The Blanket

Nothing Left

Eoghan O'Suilleabhain

It's bad enough that right-wingers rant about The New York Times being liberal, but it's stretching the bounds of civility to have to also hear left-wingers rant about The Guardian being liberal. Most things being relative, certainly the latter rag is less stained than the former, but all private for profit free market newspapers in the West are advertising based so naturally are in symbiotic sympathy with their multi-national corporate advertisers. As such they will no more bite the hand that feeds them anymore than a local village shopkeeper would want to shun his or her best customers.
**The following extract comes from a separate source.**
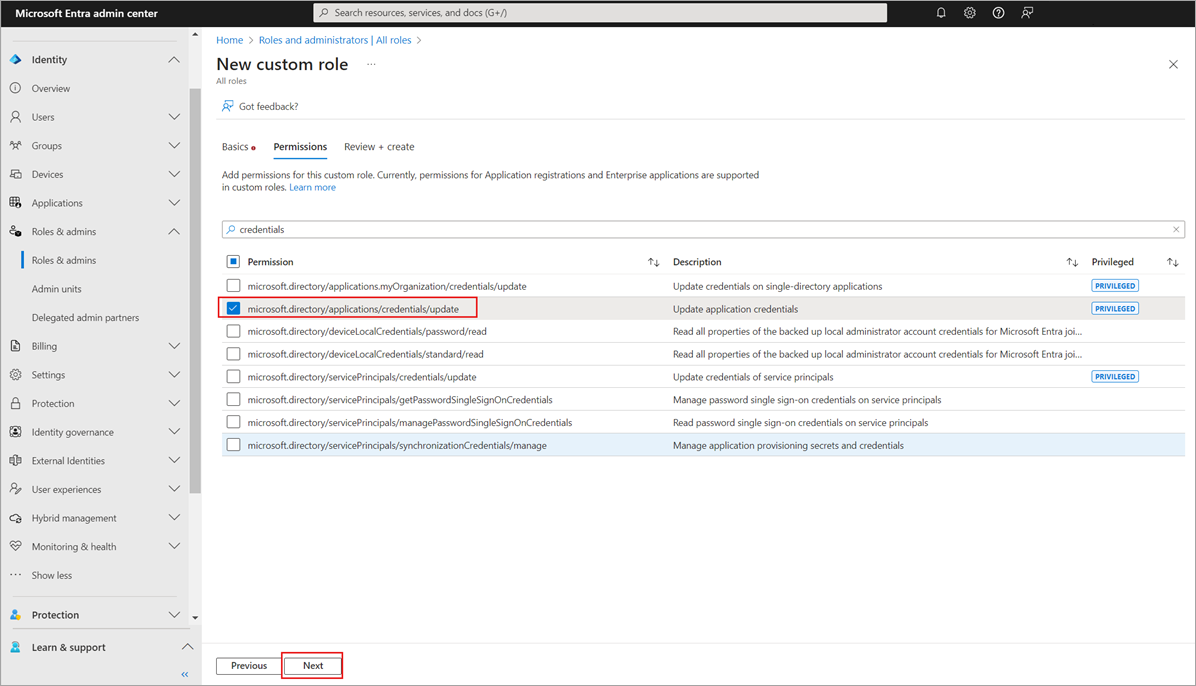 First, enter "credentials" in the search bar and select the microsoft.directory/applications/credentials/update permission.

So what's good for General Motors will more times than not be editorially written as good for the rest of us.

Hence, it is a rare day indeed to see (if at all) any such corporate sponsored corporately owned newspaper take the side of say the Anti-Nice Treaty forces over the Pro-Nice Treaty forces, or for that matter socialism over capitalism or labour over management or even little free market countries over big free market countries. Come to think of it, it is very rare to see any advertising based daily newspaper anywhere support a labour strike or work stoppage unless of course it was going on at a competitor's newspaper.
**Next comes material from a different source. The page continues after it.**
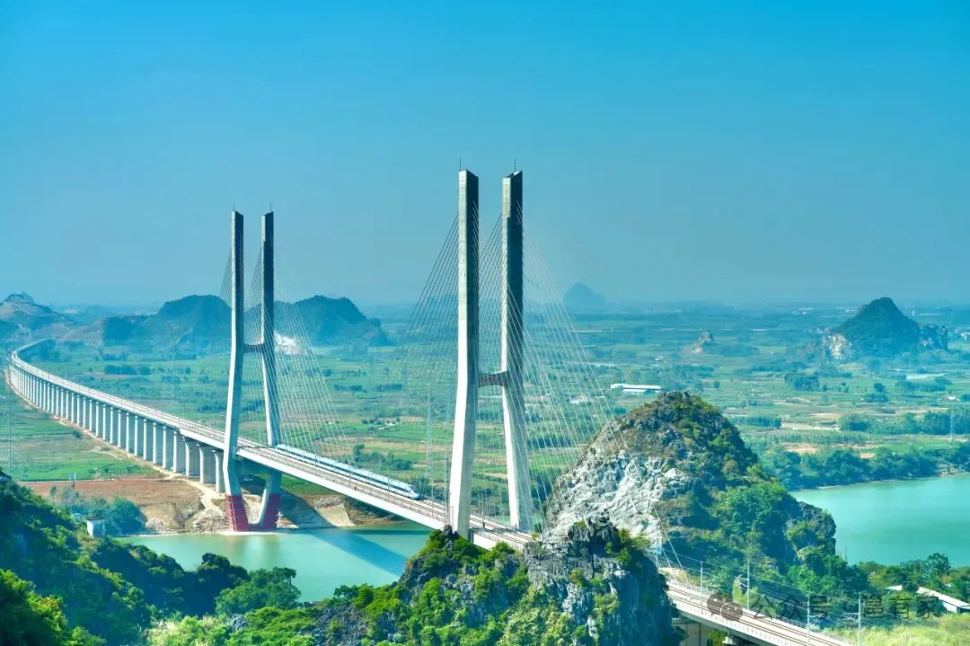 ▲南珠高铁南玉段百合郁江特大桥(图源:广西交通)

And what daily in the States has ever written a nice thing about roadside billboards or the US Office of Occupational Safety and Health Administration (OSHA)? No doubt that is because of their own dislike for competition from other advertising businesses and that their own in-house labour problems are often times engendered by managerially negligent life & limb accidents around their rolling presses. Therefore, they write editorials on among other things protecting the roadway environment and on protecting business against government interference without any mention of their own conflicts of interest.

Sure any newspaper or media outlet is entitled to their point of view but it'd behoove the rest of us to see beyond their narrow little opinion dominated universe and see through their incessant mask of objectivity especially when it slips from time to time as it did on The Guardian (Monday, July 15, 2002 at page 18). While trundling through the pages of this sheepish pulp I stumbled upon the following nuggets in an obsequious obituary written by Guardian regular Greg Chamberlain (repeated verbatim in The Irish Times, [Saturday, July 20, 2002 at page 16]) for Joaquin Balaguer, the six-times elected President of the Dominican Republic: "He came to politics during the ferocious dictatorship of the Generalissimo - 'El Benefactor' - Rafael Trujillo whom he slavishly served" (emphasis added). Yikes!
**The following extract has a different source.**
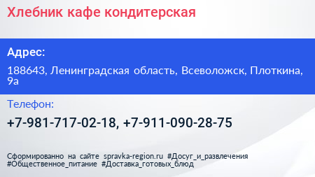 Хлебник, кафе-кондитерская по адресу 188643, Ленинградская область, Всеволожск, Плоткина, 9а в дальнейшем Организация, размещена в следующих категориях:

Soon thereafter, backed by the United States and its military occupation, "(Balaguer's) 1966 election was engineered by preventing his fellow man of letters, left-winger Juan Bosch.ousted victor of the country's first free elections in 1962 from campaigning. Balaguer let loose the old regime's thugs, who murdered thousands of his real and supposed enemies. He claimed he was powerless against what he called 'uncontrollable elements'" (emphasis added). Ah sure! As long as they weren't the poor killing the rich or neo-nazis killing Jews then all is forgiven.

But just when you think The Guardian would be condemning this Waylon Smithers- cum-Ariel Sharon, here comes next their most precious gem: "His lip service to democracy had helped the country keep its balance and advance as its plantation economy was battered by the global market"(emphasis added). D'oh! So that's the secret.

That's right! Now you can tell them you read it here in the liberal Guardian (and the so called Irish Times). Pretending to be democratic while killing thousands is ok so long as it advances the free market economy. If only Joe Stalin could have figured this out. That is why I suppose there are good bombs and bad bombs, collateral damage and not criminal carnage. It is why the US needs immunity from the International Crimes Court or else the right to invade the Netherlands on demand. Without immunity their pretentious little democratic nation building game would be up. Guys like George Sr. Bush and Colin Powell wouldn't be able to firebomb to death 2,000 Panamanians while they slept in an effort to oust a CIA stooge like Manuel Noriega on cocaine charges. Is that the kind of cob-webbing-the-capitalist world we'd want to live in? Who really wants to dance away the night at Afghan weddings anyway?

Now our part of the world is safe for paying lip service to democracy because we cannot trust the little people to husband their own natural resources or vote correctly on Nice or to have a sense of perspective about these things. That's why American CEO Warren Anderson can steer clear of India's civil court writs for the 16,000 wrongful deaths by his company Union Carbide in Bophal, whereas Osama Bin Laden has to (rightly) stay on the move while William Calley gets to set up a jewelry shop in Augusta, Georgia since being (wrongly) pardoned by Richard Nixon after only 2 weeks in jail for his convicted role in the 1968 My Lai Massacre of over 600 unarmed Vietnamese: mostly old men, women & children.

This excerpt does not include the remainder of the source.